Question

The area enclosed between the curves $y = x|x|$ and $y = x - |x|$ is:

• A. $\frac{8}{3}$
• B. $\frac{2}{3}$
• C. 1
• D. $\frac{4}{3}$

Answer 1

The Correct Option is D

The area bounded by the curves \(y = x|x|\) and \(y = x - |x|\) is determined by analyzing their representations and intersection points.

Step 1: Curve Representation

1. The curve \(y = x|x|\) is defined as:

\[ y = \begin{cases} x^2 & \text{if } x \geq 0 \\ -x^2 & \text{if } x < 0 \end{cases} \]

This curve is a parabola opening upwards for \(x \geq 0\) and downwards for \(x<0\).

2. The curve \(y = x - |x|\) is defined as:

\[ y = \begin{cases} 0 & \text{if } x \geq 0 \\ 2x & \text{if } x < 0 \end{cases} \]

For \(x \geq 0\), this is the x-axis. For \(x<0\), this is a line with a slope of 2.

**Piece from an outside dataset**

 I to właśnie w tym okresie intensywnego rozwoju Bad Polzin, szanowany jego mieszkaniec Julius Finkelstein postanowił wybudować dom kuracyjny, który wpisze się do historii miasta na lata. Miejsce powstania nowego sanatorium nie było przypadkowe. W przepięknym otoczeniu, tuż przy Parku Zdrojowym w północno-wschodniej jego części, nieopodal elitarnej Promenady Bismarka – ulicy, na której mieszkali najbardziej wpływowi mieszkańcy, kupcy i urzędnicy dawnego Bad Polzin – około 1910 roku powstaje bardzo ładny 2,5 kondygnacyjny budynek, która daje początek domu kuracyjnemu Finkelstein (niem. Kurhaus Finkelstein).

Step 2: Intersection Points

To find intersections in the region where \(x<0\), we set the equations equal:

\[ x|x| = x - |x| \]

Since \(x<0\), \(|x| = -x\). Substituting this gives:

\[ -x^2 = x - (-x) \implies -x^2 = 2x \]

Rearranging and factoring:

\[ x^2 + 2x = 0 \implies x(x + 2) = 0 \]

The solutions are \(x = 0\) and \(x = -2\). Therefore, the curves intersect at \(x = -2\) and \(x = 0\).

Step 3: Area Definition

The enclosed area is calculated by integrating the difference between the upper and lower curves over the interval \([-2, 0]\). In this interval, \(y = -x^2\) is the upper curve and \(y = 2x\) is the lower curve.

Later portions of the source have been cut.